Add more agent evals #961

tkattkat · 2025-08-12T17:57:50Z

part of STG-653

why

Adds more evals to agent

what changed

Added ~ 15 new evals

test plan

tested locally
tested on browserbase

changeset-bot · 2025-08-12T17:57:53Z

🦋 Changeset detected

Latest commit: a824aa6

The changes in this PR will be included in the next version bump.

Not sure what this means? Click here to learn what changesets are.

Click here if you're a maintainer who wants to add another changeset to this PR

greptile-apps

Greptile Summary

This PR adds 17 new agent evaluation tasks to the Stagehand evaluation suite as part of STG-653. The new evaluations test the AI agent's capabilities across diverse real-world scenarios including e-commerce (Amazon shoes, Google Shopping, UberEats), entertainment platforms (Steam Games, Apple TV), research tools (arXiv, Hugging Face, WolframAlpha), and various web services (GitHub, Google Maps, NBA trades on ESPN, hotel booking).
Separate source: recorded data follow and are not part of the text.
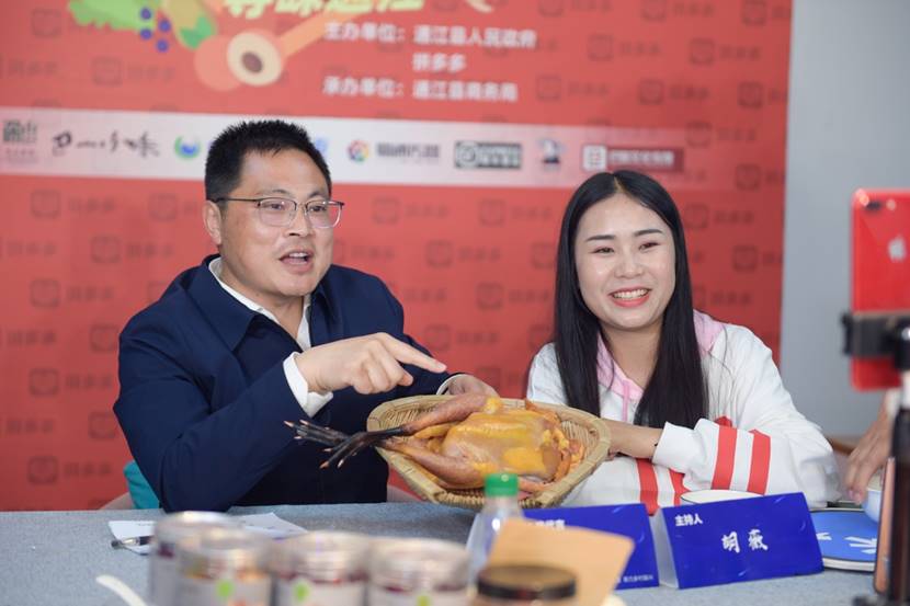 除了通江銀耳、巴山土雞之外,副縣長(zhǎng)張春根、商務(wù)局局長(zhǎng)王波也相繼上場(chǎng),為通江臘腸、臘肉、香菇、木耳、菜籽油、農(nóng)家米等產(chǎn)品做了代言。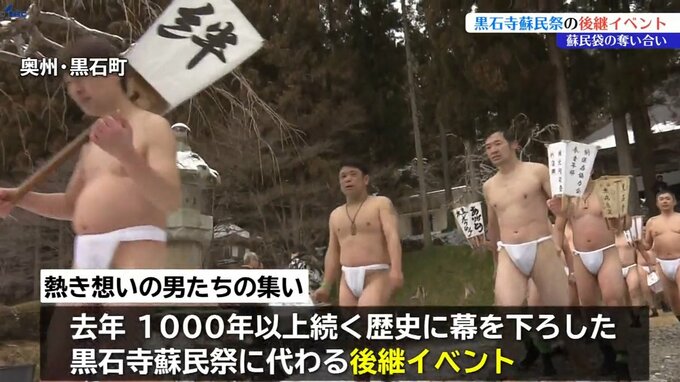 2024年、長い歴史に幕を下ろした岩手県奥州市の奇祭「黒石寺蘇民祭」に代わる催しが有志によって開かれ、下帯姿の男たちが蘇民袋を奪い合いました。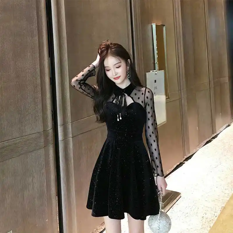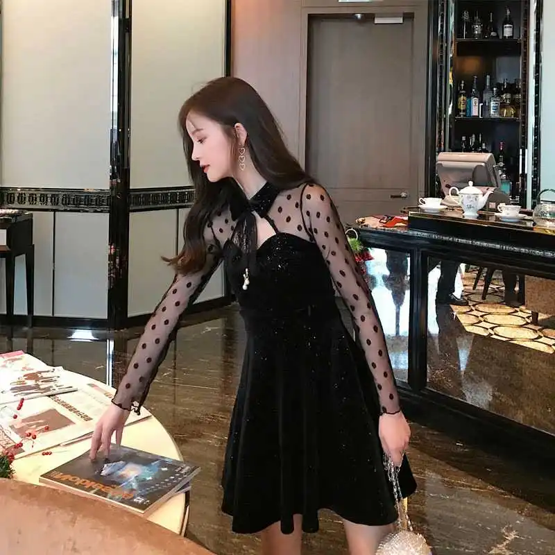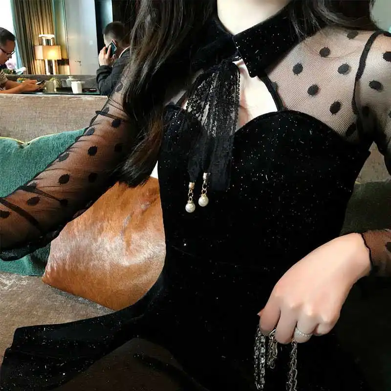 2020 Платья для вечеринок женское маленькое черное платье готическое милое тонкий галстук-бабочка ТРАПЕЦИЕВИДНОЕ Прозрачное платье в горошек DV521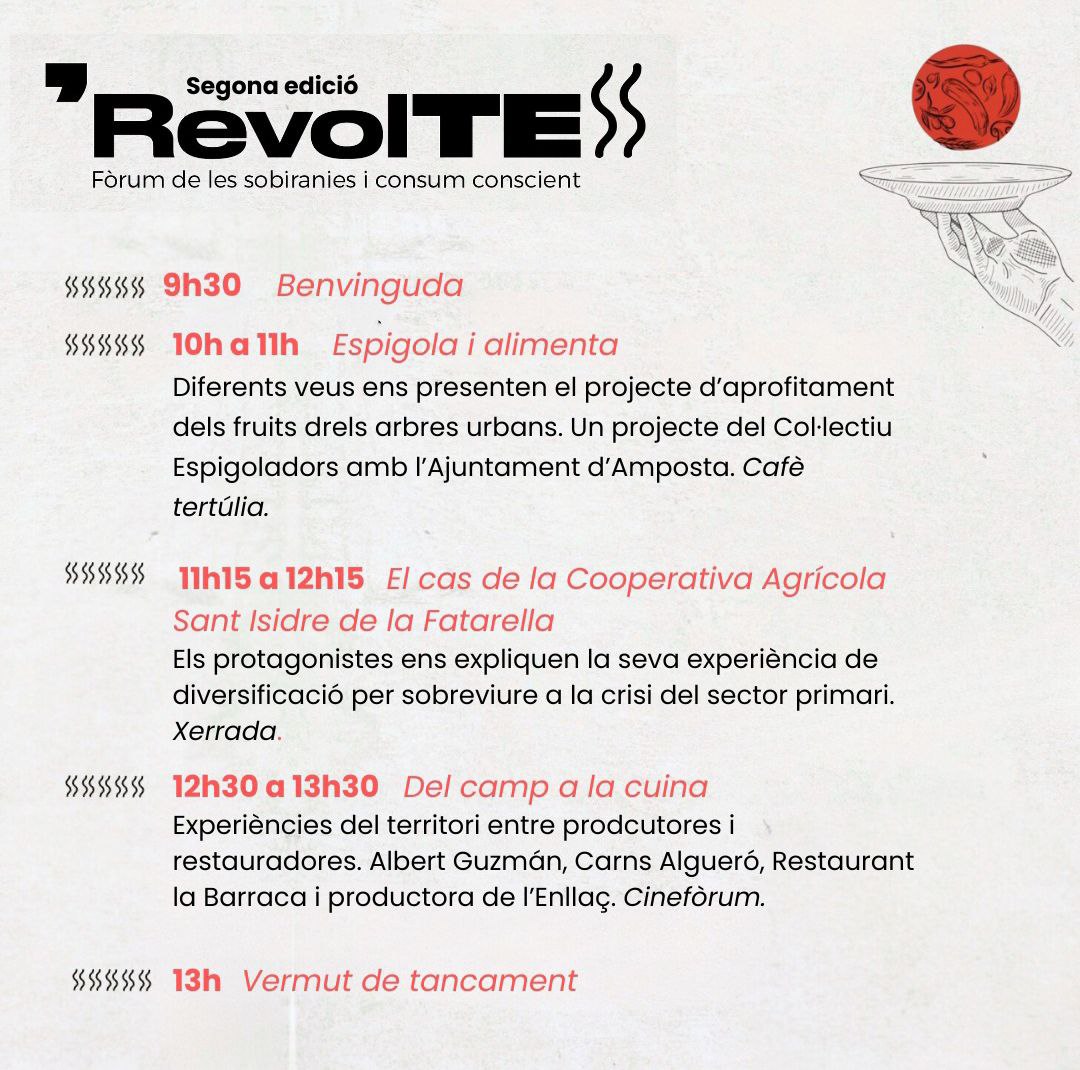 Punt de trobada per a productores, consumidores, col·lectius i entitats que volen repensar les sobiranies i construir alternatives des del territori. Horari: 9:30 h. Benvinguda. 10 a 11 h. Espigola i alimenta.Diferents veus ens presenten el projecte d’aprofitament...

All new evaluation files follow the established pattern from the existing agent evaluation framework:

Navigate to target website using stagehand.page.goto()
Create an agent with dynamic provider selection based on model name (Claude uses "anthropic", others use "openai")
Execute specific instructions with defined step limits (typically 14-30 steps)
Evaluate success based on agentResult.success property
Include proper error handling, logging, and resource cleanup

The tasks are added to evals.config.json under the 'agent' category, integrating them into the existing evaluation pipeline. These evaluations expand test coverage to validate agent performance across complex multi-step workflows like checkout processes, search filtering, information extraction, and form filling on production websites.

Confidence score: 3/5

This PR requires careful review due to several evaluation quality issues and potential risks from using production websites
Score lowered due to lack of proper result validation in most tasks, reliance on production sites that may change, and some logical flaws in evaluation criteria
Pay close attention to evals/tasks/agent/kith.ts for payment form risks, evals/tasks/agent/hotel_booking.ts for validation gaps, and the formatting issue in evals.config.json

_{17 files reviewed, 6 comments}

_{Edit Code Review Bot Settings | Greptile}

evals/tasks/agent/nba_trades.ts

evals/tasks/agent/arxiv_gpt_report.ts

evals/tasks/agent/github.ts

evals/tasks/agent/kith.ts

evals/tasks/agent/wolframalpha_weight_loss.ts

greptile-apps

Greptile Summary

This review covers only the changes made since the last review (commit e71810e), not the entire PR.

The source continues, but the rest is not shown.